Clallam County sheriff staffing levels up

After an aggressive advertising and recruitment campaign that included offering three-year referral, retention and recruitment bonuses for patrol and corrections deputies and message boards at major intersections, the Clallam County Sheriff’s Office is on its way to being fully staffed for both corrections and patrol deputies.

“We’re flush with patrol deputies. We either have offers out or people attending academies in all our patrol positions. So now we are focused on corrections,” said Brian King, Clallam County chief criminal deputy.

“We have several conditional offers out. We are conducting background on corrections deputies. We have had a minimum twofold increase in applicants. It’s been very quick. We have had a great influx. But getting good employees takes time,” he said.

The recruitment effort was begun to address a 30 percent staffing shortage — nine positions — at the jail as well as to aid in patrol staffing.

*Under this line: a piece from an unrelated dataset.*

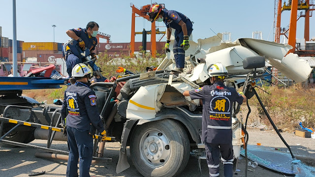 เมื่อเวลาประมาณ 14.00 น.วันนี้ ( 26 ก.พ. ) ศูนย์วิทยุกู้ภัยสว่างประทีปธรรมสถานศรีราชา จ.ชลบุรี ได้รับแจ้งอุบัติเหตุรถเทรลเลอร์ถูกตู้สินค้าที่บรรทุกมาทับ มีผู้ติดอยู่ในรถเทรลเลอร์ 2 ราย เหตุเกิดที่บริเวณ ท่าเรือ B 5 ภายในท่าเรือแหลมฉบัง ตำบลทุ่งสุขลา อำเภอศรีราชา จังหวัดชลบุรี จึงประสานรถอุปกรณ์ตัดถ่างมูลนิธิสว่างประทีปธรรมสถานศรีราชา พร้อมด้วย ทีมพยาบาลกู้ชีพวิภาราม และ ร.ต.อ.จีระศักดิ์ ว่องไว ร้อยเวรสอบสวน สภ.แหลมฉบัง เข้าร่วมตรวจสอบ

The patrol sergeants, corrections sergeants and corrections officers will receive retention bonuses, but the patrol deputies will not because that bargaining unit wouldn’t agree to spreading the bonuses over three years instead of two, according to county officials.

The bonus program was funded with up to $600,000 in American Rescue Plan Act funds.

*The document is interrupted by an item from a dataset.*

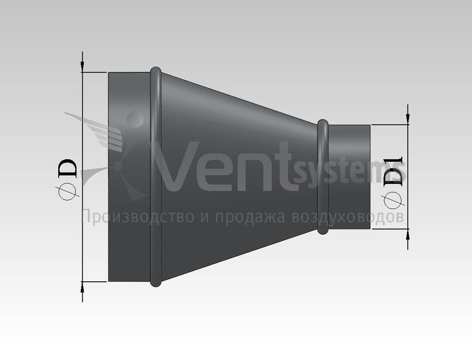 Круглый стальной оцинкованный переход диаметром до 1250 мм (длина перехода подбирается автоматически, исходя из рекомендованных параметров)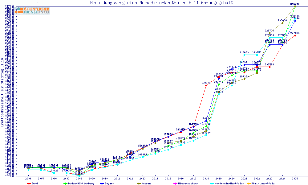 | Besoldungsvergleich B 11 im Jahr 2025 | Anfangsgehalt | ||||||

The staffing shortage also led Sheriff Bill Benedict to hire Norpoint Protective Services of Port Angeles to provide courthouse security through the end of 2022, using the $46,200 in unspent deputy salaries. That function will be moved back in-house in 2023 using corrections deputies.

“It always been our intent that, once we were up to full staff, eventually we would get back to using deputies for courthouse security,” said King, who has won the election for sheriff in unofficial results and will begin his term next year.

“We are meeting with other sheriffs and police chiefs and talking about the same things. Everybody is in a crunch,” he added.

“There’s a real challenge ahead and will be for quite some time. We’re trying to figure out how to address this. Maybe it won’t be perfect,” king said.

Policing agencies across Washington state saw a 4.4 percent reduction in the number of sworn officers in 2021. Combined with the drop in 2020, Washington now has 667 fewer deputies and police officers than in 2019, according to Steven D. Strachan, executive director of the Washington Association of Sheriffs and Police Chiefs, in August.

With 1.38 officers per 1,000 people, the lowest ratio since statistics were first tracked in 1980, Washington is the least policed state in the country. The national average per capita rate is 2.33, according to FBI statistics.